As lead hostage negotiator for the New York Police Department, Jack Cambria participated in thousands of hostage crises. He’s probably most well-known for John Turturro’s fictionalized portrayal of him in the 2009 remake of The Taking of Pelham 123. Over his thirty-three-year career with the NYPD, the Brooklyn, New York, native (born in Carroll Gardens in 1954) rose from beat cop to lieutenant in Sunset Park, headed up the Emergency Services Unit, and, finally, led the Hostage Negotiation Team. He currently provides hostage-negotiation training around the world and consults for film and television. He has two children, Melissa and Chris.

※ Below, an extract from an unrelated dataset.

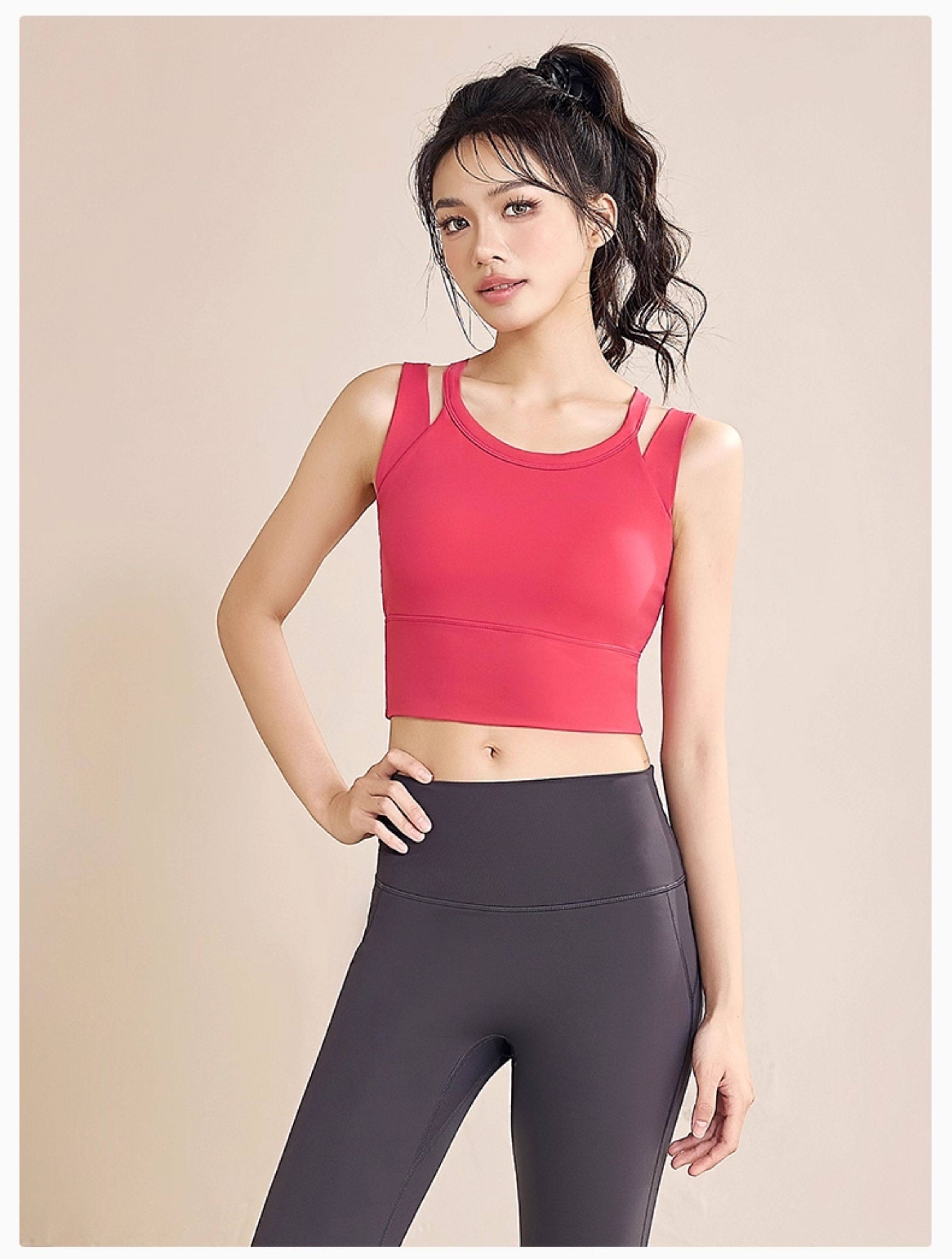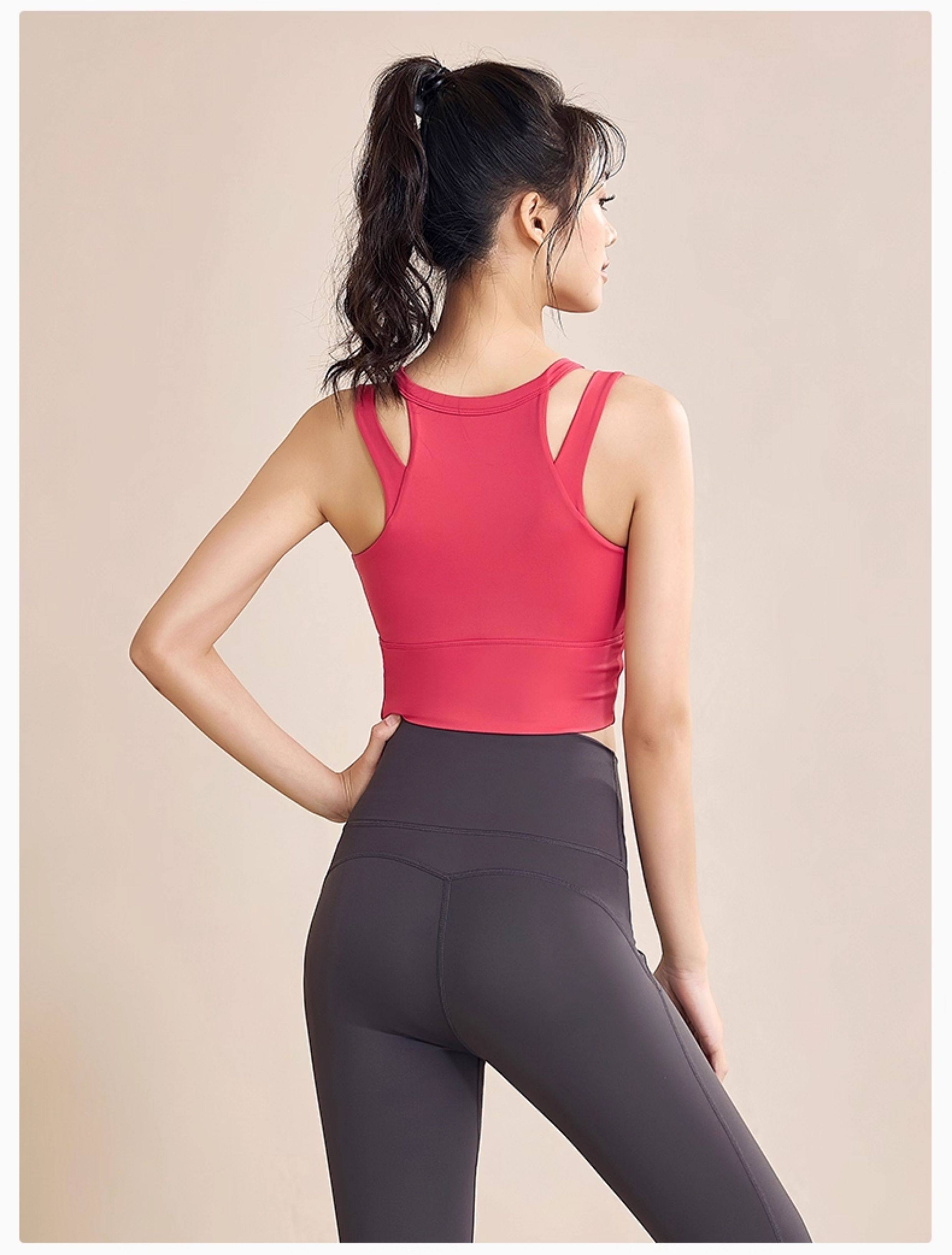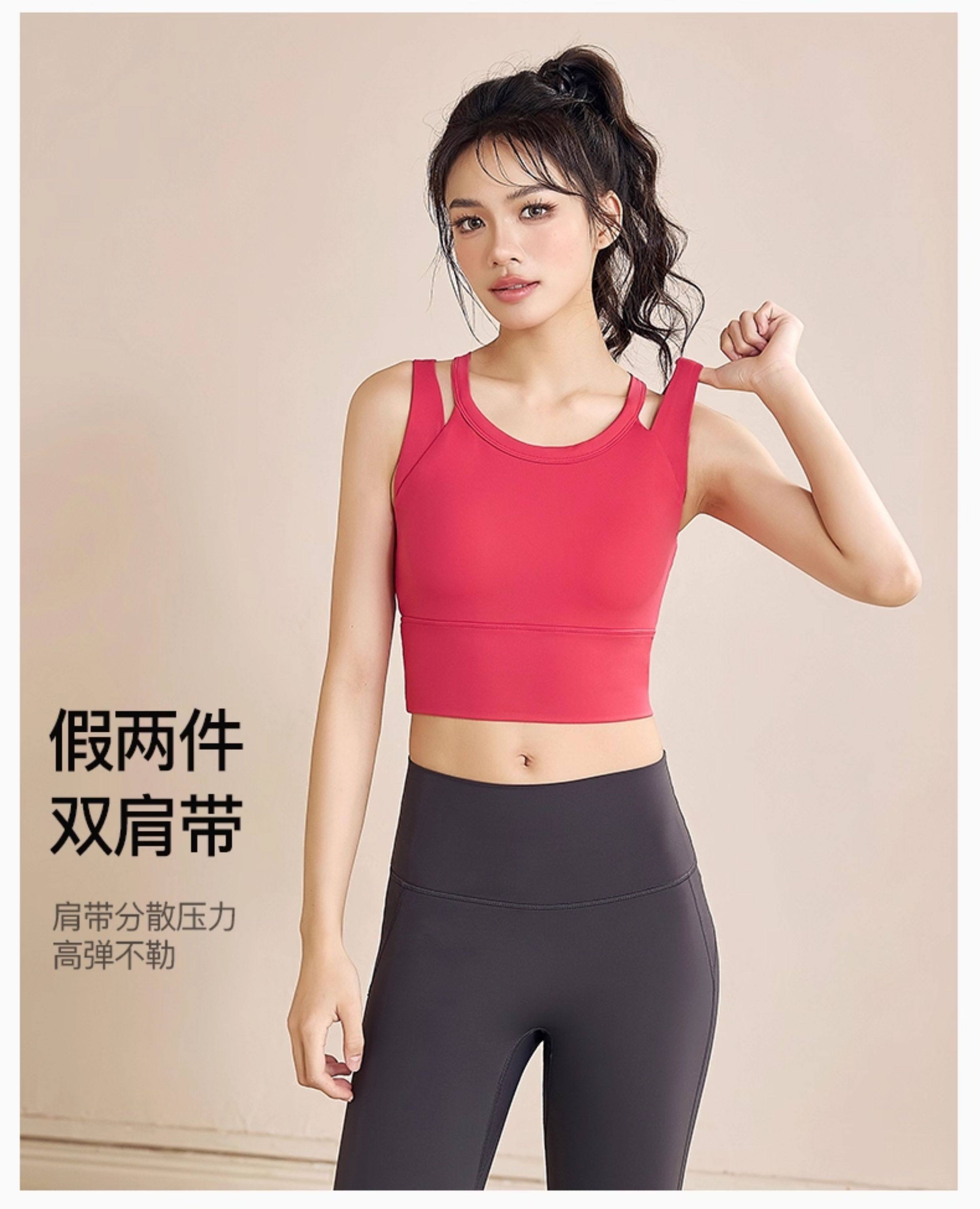 Deeplink double shoulder strap sports bra women's shockproof high-strength side breast shrinking running yoga vest fitness bra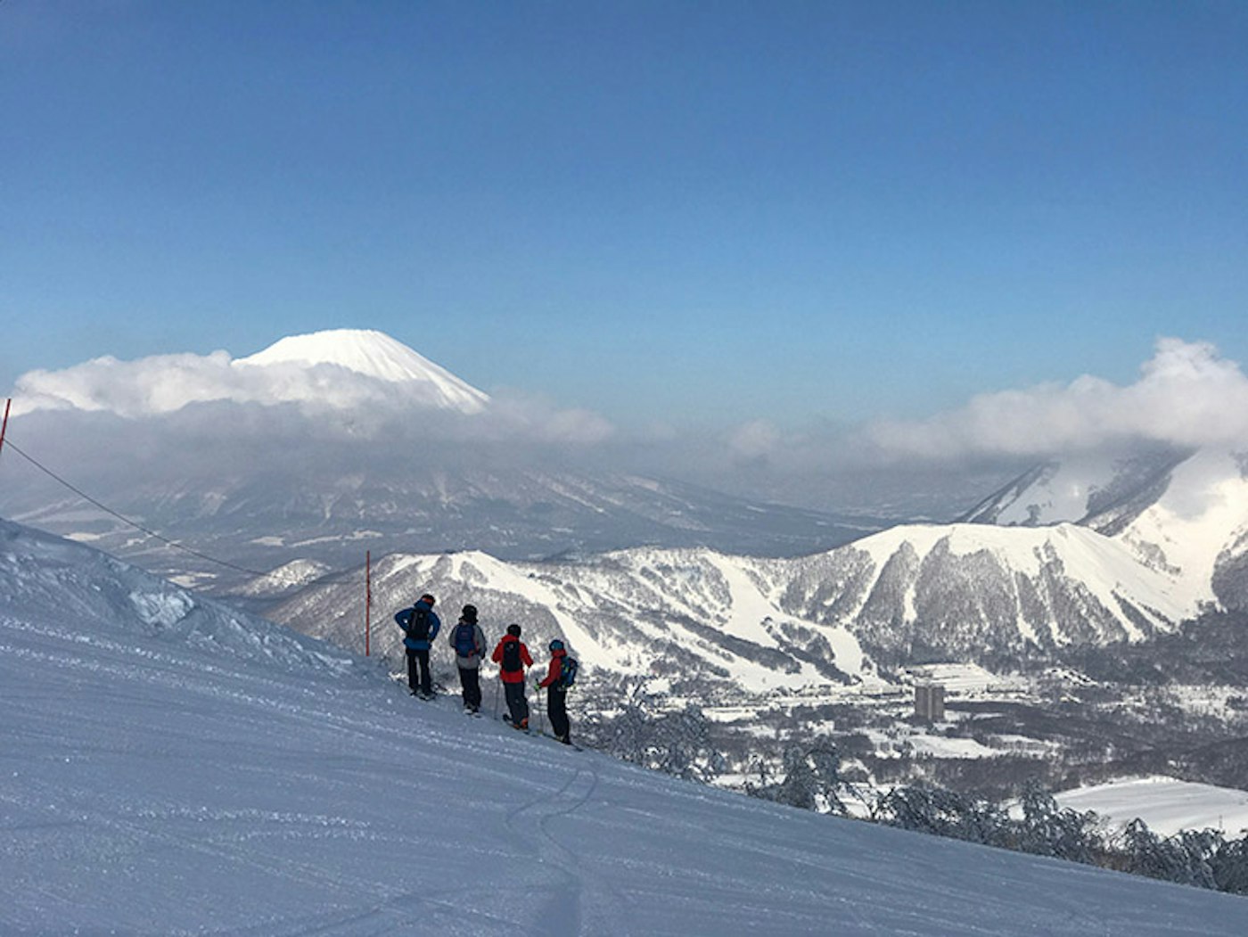 Our guide (pictured on the far right) points out a neighboring ski area with Mt. Yotei pictured to the left.

the day i was born, my dad was up on the Brooklyn Bridge, talking a potential jumper down. He saved the guy and then rushed over to the hospital where my mother was in labor, sirens blaring. He made it in time.
During more than three decades with the NYPD, my dad conducted more than five thousand hostage negotiations. When it came to his children, he was, obviously, a tough cookie—I never really got away with the typical bargaining teenagers do. The rules were the rules. The thing is, though, Dad was almost preternaturally calm. He rarely got ruffled. I chalk this up, of course, to his professional training.
But most of Dad’s approach—not only to his work but to us, his family—came from his Brooklyn upbringing. Dad was born in Carroll Gardens and grew up in Bensonhurst, two small family-oriented neighborhoods in New York City. He always had a sense of community. What’s more, his parents raised him to treat everyone with the same level of respect. Respect was a big thing in the Cambria household. As Dad worked his way up from being a beat cop in Sunset Park to a SWAT team leader, these early lessons really helped him. He could connect with anyone. He got down—or up—to their level and spoke to them without judgment.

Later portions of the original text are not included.